## SUPPLIED DATA
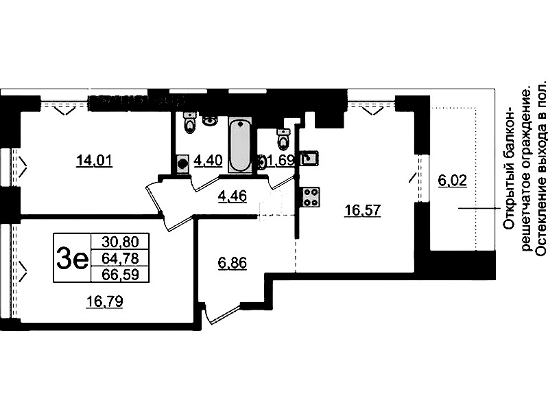 Двухкомнатная квартира на 7-ом этаже 64,78 кв.м
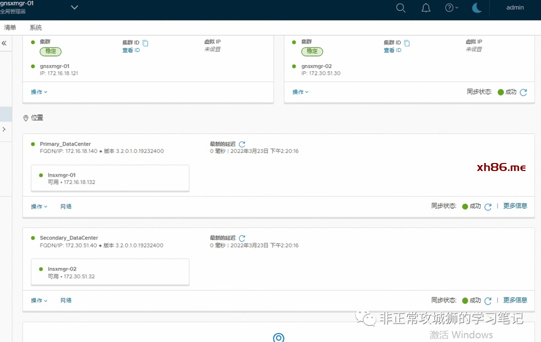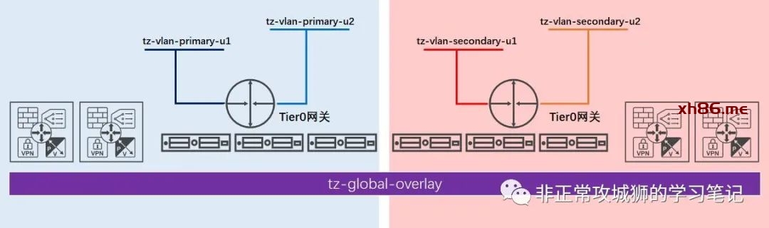 相同命名的默认Overlay传输区域用于多个数据中心之间分段L2延伸;而其余的四个VLAN传输区域,分别用于各自两个数据中心Edge传输节点承载的Tier0网关上联。
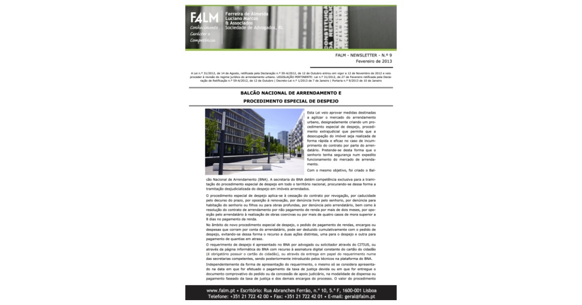 Balcão Nacional de Arrendamento e Procedimento Especial de Despejo.
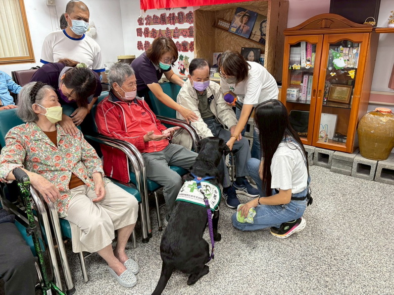 專業結合愛 打造幸福長照環境。草屯療養院附設南投縣公立社區長照機構黃冠綸醫師表示,結合音樂律動與認知訓練的活動,能在愉快氛圍中啟動長者的身心功能,促進記憶力、專注力及肢體協調,並增進社交互動,讓長輩在動手、動腦、動腳的過程中重拾自信與笑容。草屯療養院老年精神科郭佳倫主任表示,寵物輔助治療已被廣泛應用於失智照護,研究顯示與動物互動可刺激長者的感官與情緒反應,提升專注力與社交意願,並減少焦慮、憂鬱與孤獨感。透過毛孩的陪伴與非語言互動,能有效安定情緒、促進身心健康。
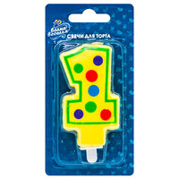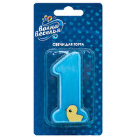 Свеча Цифра 1, Утенок, Голубой, 7,5 см, 1 шт.
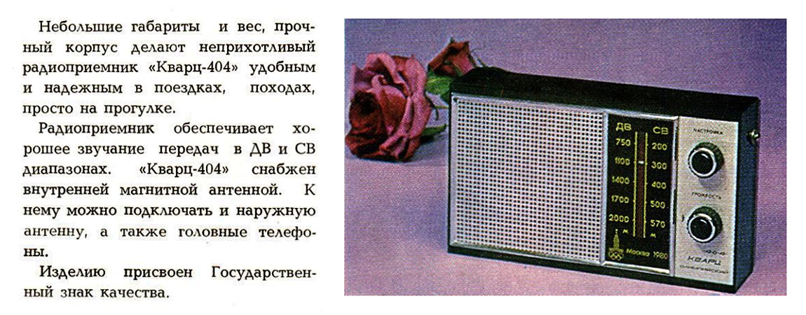 олимпийской символики он был модернизирован в приёмник ''Кварц-404М'',
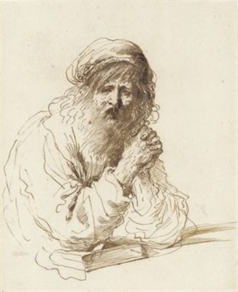 | Half-length study of a bearded man in a cap, seated with his elbow resting on a book | |
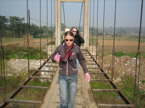 Rachel and our friend and colleague, Michelle, both looking a little nervous to cross the uneven, bouncing hanging bridge

## TASK GOAL
Would you restate word for word only the lines from the line with "Свеча Цифра 1, Утенок, Голубой, 7,5" to the last line above, with the pictures left out?

## TASK RESULT
 Свеча Цифра 1, Утенок, Голубой, 7,5 см, 1 шт.
 олимпийской символики он был модернизирован в приёмник ''Кварц-404М'',
 | Half-length study of a bearded man in a cap, seated with his elbow resting on a book | |
 Rachel and our friend and colleague, Michelle, both looking a little nervous to cross the uneven, bouncing hanging bridge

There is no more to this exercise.